Director, Clinical Data Management

Summary: 

The Director, Clinical Data Management (CDM) is responsible for leading and executing the organization’s CDM strategy in alignment with overall company objectives. This role provides oversight of assigned operational areas, including financial performance, across multiple delivery models such as Functional Service Provider (FSP), Full-Service, and stand-alone CDM engagements for designated sponsors.

The Director ensures the consistent delivery of high-quality services, driving customer satisfaction and operational excellence. This position provides leadership and guidance to the CDM team while ensuring compliance with all applicable Standard Operating Procedures (SOPs), Good Clinical Practice (GCP) ICH Guidelines, regulatory requirements, and sponsor-specific standards.

Serving as a primary liaison between clients and internal stakeholders, the Director leverages deep expertise in clinical data management, operations, and financial oversight to understand business needs, inform decision-making, and support efficient day-to-day execution.

Essential Duties and Responsibilities include the following. Other duties may be assigned at the company’s sole discretion. 

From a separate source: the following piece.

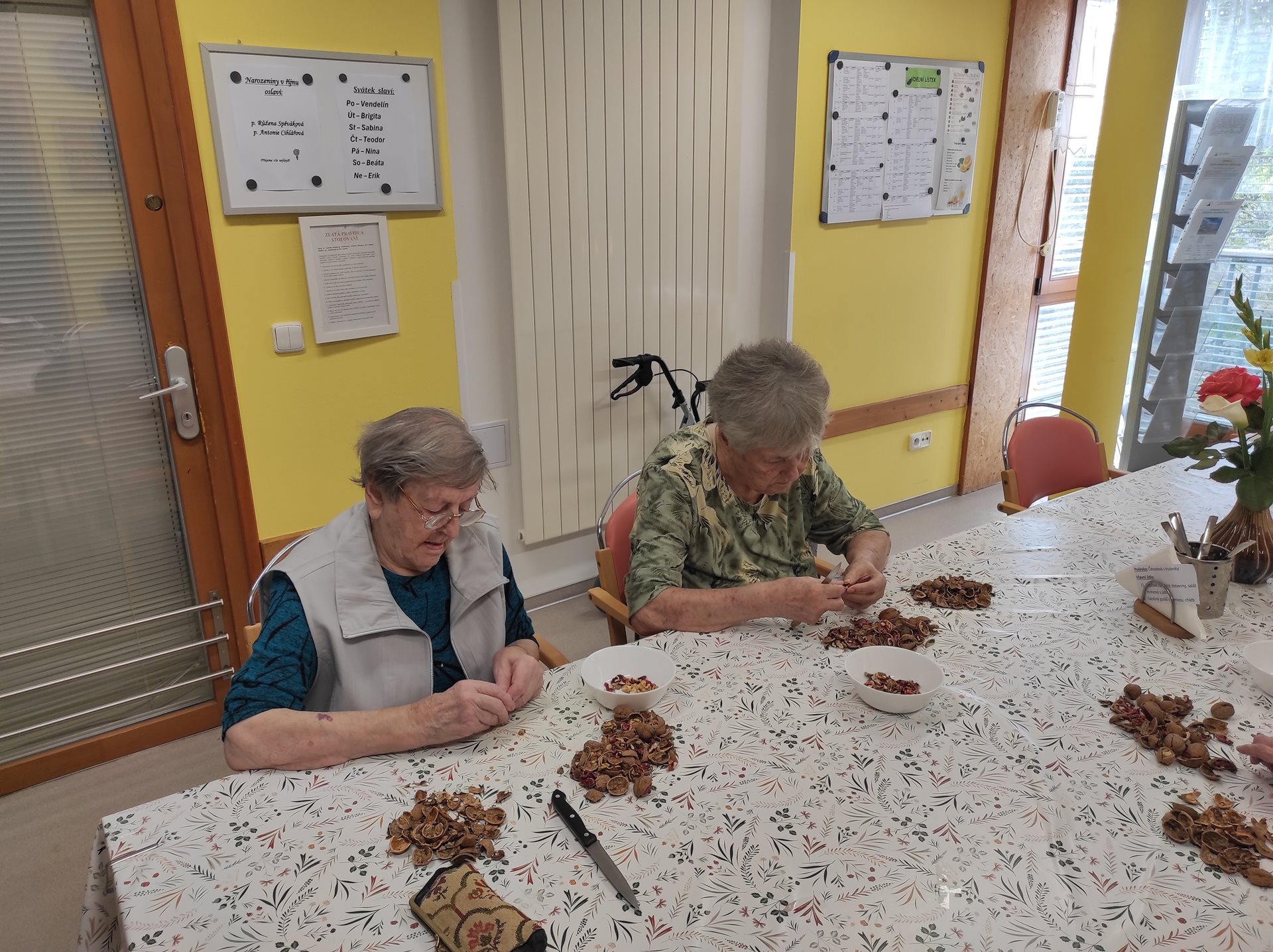 Tento týden jsme s uživatelkami v rámci skupinové aktivizace zpracovávaly velkou spoustu jablek, strouhaly a krájely jsme je na větší i menší kousky, aby se posléze mohly použít na štrúdl, nepečený jablečný dort či jen na jablečno-pudinkový dezert. Myslíme také na to, že cca za 2 měsíce budeme slavit Vánoce, a tak jsme se pustily do vyloupávání ořechů na vánoční cukroví. Při práci nám hrála lidová a dechová hudba z rádia a vzduchem se linula vůně zpracováváných potravin. S uživatelkami jsme si i potrénovaly paměť nad tím, do jakého cukroví či pokrmů se ořechy dávají. Bylo to hezky strávené voňavé dopoledne.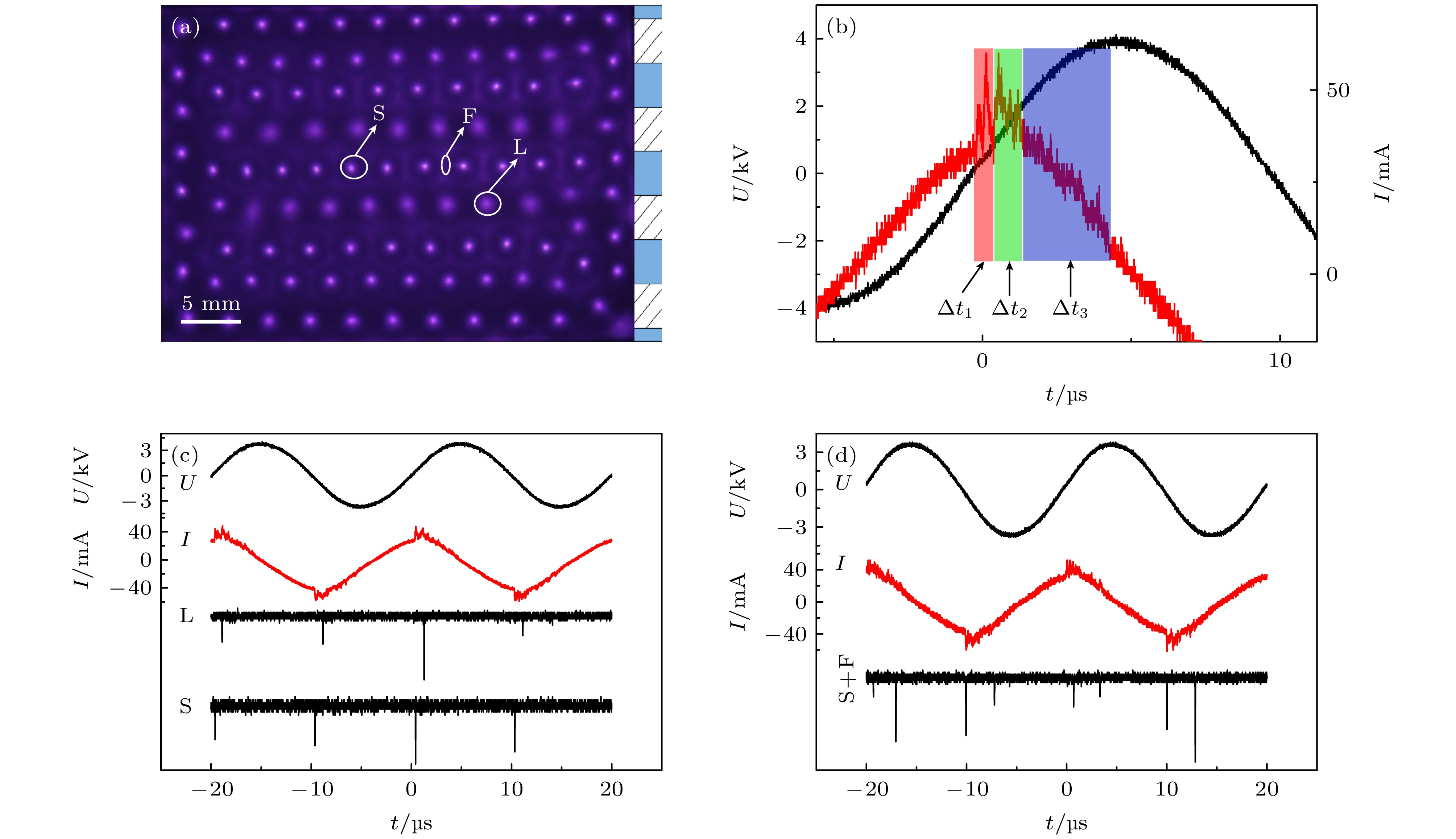 Fig. 8. Spatial-temporal structure dynamics measurement of large and small honeycomb stripe superlattice pattern: (a) Image of the pattern; (b) waveforms of voltage and current of the pattern in the positive half-cycle; (c) temporal correlation measurement of S and L; (d) temporal correlation measurement of S and F.

• Lead the execution of CDM and broader company strategies, ensuring alignment with organizational goals.
  
• Provide oversight of CDM delivery across assigned regions and service models (FSP, Full-Service, Stand-Alone).
• Manage assigned sponsor financials and/or department, as requested
  
• Create, oversee, and participate in department and company initiatives.
• Responsible for selection, training, development and performance management of reporting staff
• Resourcing of staff and/or projects (direct staff or vendor/supplier)
• Ensure team deliverable are completed on time and with high quality
• Ensure metric goals for assigned sponsor(s) are met or exceeded, proactively managing and mitigating risks
• Influence cross-functional leadership participation to ensure sponsor and/or project goals are effectively supported
• Support business development activities such as contracts, proposals, bid defense meetings, conferences and work to obtain new business, as requested
• Participate in and/or contribute to sponsor and/or regulatory audits/inspections
• Review, update and/or create SOPs as needed.
• Manage statements of work, vendor contracts, and partner accountability.
• Ensure proper testing, documentation, and process monitoring.
• May be a core member of governance meetings, participating and/or attending, as required.
• Ability to travel up to 30% as needed.
• Perform other duties as required.

Qualifications & Educational Requirements:

• Bachelor’s degree in life sciences, pharmacy, or related field preferred.
• Minimum of 7 years of functional clinical data management (CDM) work experience and 6+ years of management experience preferred.
  • A combination of 5+ years of functional CDM experience and 5+years of management experience may also be considered.
• Broad knowledge of drug development processes, metabolic experience preferred
• Understanding of global clinical development budgets and relationship to productivity targets
• Knowledge of effective clinical data management practices
• Vendor management experience (preferred)
• Ability to quickly analyze and resolve technical issues
• Strong analytical, problem solving, project management, and stakeholder management skills                                                                                                                                                                                                                                                                                                                                                                                                                                                                                                                                                                                                                                                                                                                     

Skills, Knowledge, and Abilities: 

• Experience working with Electronic Data Capture (EDC) systems and vendor platforms, including knowledge of URL testing requirements.

• Experience working with global and cross-functional teams.
• Strong project management skills.
• Proven leadership and management experience.
• Experience with resource planning and team staffing.
• Commercial experience supporting proposals, bidding, or bid defense.
• Experience supporting sponsor governance meetings and relationship kick-off meetings.
• Strong written and verbal communication skills.
• High attention to detail and strong organizational skills.
• Strong computer skills, including proficiency with Microsoft Office and data management systems.
• Ability to prioritize work and manage multiple projects simultaneously.
• Able to make decisions effectively in dynamic or evolving environments.
• Flexible, collaborative team player.

Physical Demands:

The physical demands described here are representative of those that must be met by an employee to successfully perform the essential functions of this job. Reasonable accommodations may be made to enable individuals with disabilities to perform the essential functions.

The employee must occasionally lift and/or move up to 15 pounds. Specific vision abilities required by this job include close vision, distance vision, peripheral vision, depth perception, and ability to adjust focus. While performing the duties of this job, the employee is regularly required to sit and talk or hear. The employee is frequently required to stand; walk; use hands to finger, handle, or feel and reach with hands and arms. The employee is occasionally required to stoop, kneel, crouch, or crawl.